AIM OF THE TASK :: Copy, exactly and without additions, every line in the records below from the one holding "Sie lieben erlesene" through the one holding "為在西藏拉薩市墨竹工卡縣甲瑪", both ends included.

INPUT MATERIAL ::
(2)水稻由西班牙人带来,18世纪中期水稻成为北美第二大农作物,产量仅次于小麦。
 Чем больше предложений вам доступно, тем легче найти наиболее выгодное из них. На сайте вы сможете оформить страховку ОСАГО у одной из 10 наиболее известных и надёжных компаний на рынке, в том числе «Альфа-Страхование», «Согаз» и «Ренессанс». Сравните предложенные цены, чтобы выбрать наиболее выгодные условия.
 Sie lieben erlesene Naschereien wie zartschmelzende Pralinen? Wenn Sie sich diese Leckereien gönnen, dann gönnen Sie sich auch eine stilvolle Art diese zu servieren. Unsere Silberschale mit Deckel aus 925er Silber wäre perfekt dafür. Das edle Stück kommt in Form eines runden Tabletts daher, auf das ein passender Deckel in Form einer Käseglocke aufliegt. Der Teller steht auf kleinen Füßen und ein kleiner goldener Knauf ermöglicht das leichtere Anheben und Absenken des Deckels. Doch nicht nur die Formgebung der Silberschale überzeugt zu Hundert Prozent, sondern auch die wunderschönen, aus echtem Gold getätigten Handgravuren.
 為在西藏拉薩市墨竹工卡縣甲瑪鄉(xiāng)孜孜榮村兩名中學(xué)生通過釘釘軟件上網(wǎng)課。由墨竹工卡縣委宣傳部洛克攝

--

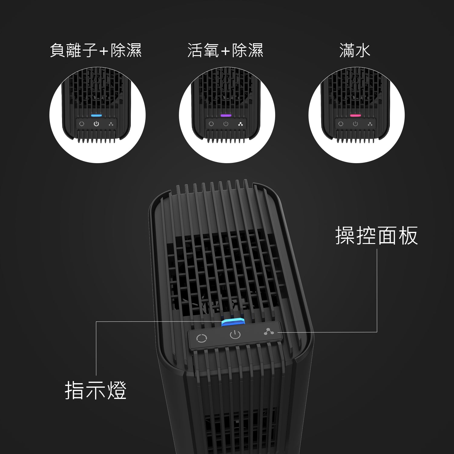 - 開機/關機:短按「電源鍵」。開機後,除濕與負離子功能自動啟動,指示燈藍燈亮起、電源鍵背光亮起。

RESPONSE TO THE TASK ::
 Sie lieben erlesene Naschereien wie zartschmelzende Pralinen? Wenn Sie sich diese Leckereien gönnen, dann gönnen Sie sich auch eine stilvolle Art diese zu servieren. Unsere Silberschale mit Deckel aus 925er Silber wäre perfekt dafür. Das edle Stück kommt in Form eines runden Tabletts daher, auf das ein passender Deckel in Form einer Käseglocke aufliegt. Der Teller steht auf kleinen Füßen und ein kleiner goldener Knauf ermöglicht das leichtere Anheben und Absenken des Deckels. Doch nicht nur die Formgebung der Silberschale überzeugt zu Hundert Prozent, sondern auch die wunderschönen, aus echtem Gold getätigten Handgravuren.
 為在西藏拉薩市墨竹工卡縣甲瑪鄉(xiāng)孜孜榮村兩名中學(xué)生通過釘釘軟件上網(wǎng)課。由墨竹工卡縣委宣傳部洛克攝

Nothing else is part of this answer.